Erst kürzlich warnte der Aussiedlerbeauftragte der Bundesregierung, Johann Welt, vor den Folgen, vor „Integrationsproblemen, sozialer Isolierung und einer längeren Inanspruchnahme der Sozialkassen“ . Das Mannheimer Verwaltungsgericht stellte fest, dass fehlende Deutsch-Kenntnisse „zunehmend ein starkes Hindernis“ bei der Eingliederung seien. Das belaste die Sozialhaushalte und die Akzeptanz der Zuwanderung.

Integration zunehmend schwerer
Experten konstatieren bereits eine rapide wachsende Kriminalität unter jungen Russlanddeutschen, soziale Verwahrlosung und ein neues Armutsproletariat - auch in der Region. Etwa jeder vierte Immigrant aus dem Osten ist arbeitslos. Wer eine Lehrstelle sucht, hat kaum Chancen.

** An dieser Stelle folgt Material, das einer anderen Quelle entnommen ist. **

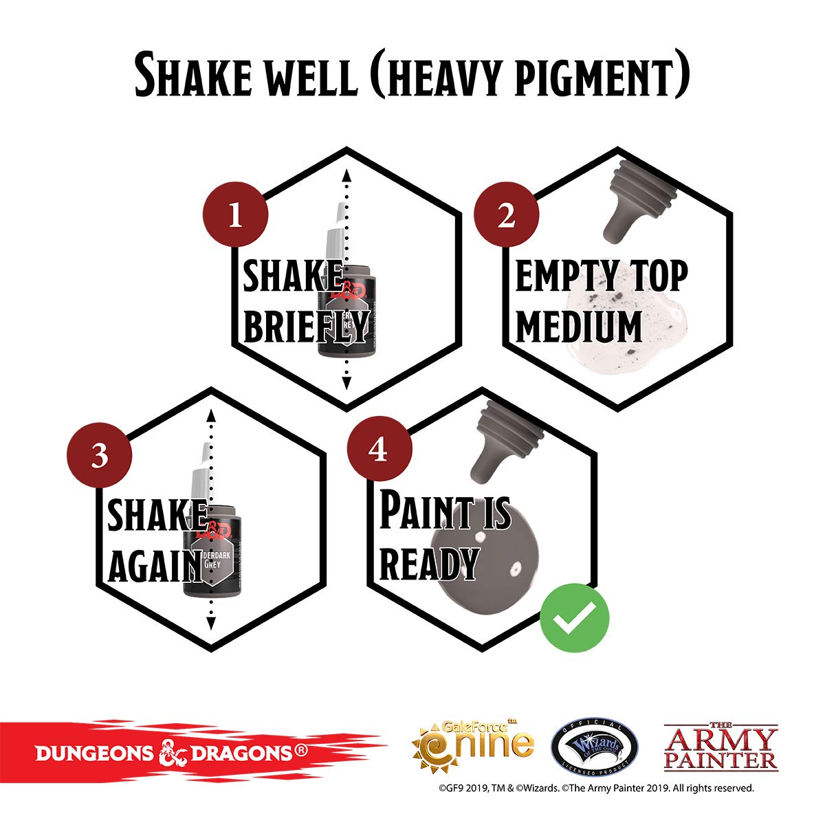 Die Farben von The Army Painter sind für ihre hohe Pigmentierung und hervorragende Deckkraft bekannt. Für das Bemalen mit dem Pinsel sind sie direkt aus der Flasche verwendbar. Für die Nutzung mit einer Airbrush wird eine leichte Verdünnung empfohlen, um erstklassige, glatte Ergebnisse zu erzielen.

Etliche Schulen, soziale Vereine, Organisationen und Behörden mühen sich nach Kräften, junge Russen und Kasachen aus ihrer Isolation zu reißen. „Wenn uns das gelingt, dann werden keine Häuserwände beschmiert, wird in Hausfluren nicht gegrölt oder Lagerfeuer in Wohngebieten entzündet“ , erklärte Maria Stauber vom Senftenberger Verein „Eine Welt, unsere Welt“ jüngst. Und Ella Kem, Vorsitzende des Ortsverbands der Russlanddeutschen in Forst, warnte: Die meisten drogensüchtigen Russlanddeutschen, die sie kenne, seien erst in Deutschland abhängig geworden - weil es zu wenige Möglichkeiten gebe, sich zu integrieren, wegen des Verlustes der alten Heimat und der Freunde, wegen der Arbeitslosigkeit, der Diskriminierung. Und wegen der Schwellenangst aufgrund der Sprachprobleme.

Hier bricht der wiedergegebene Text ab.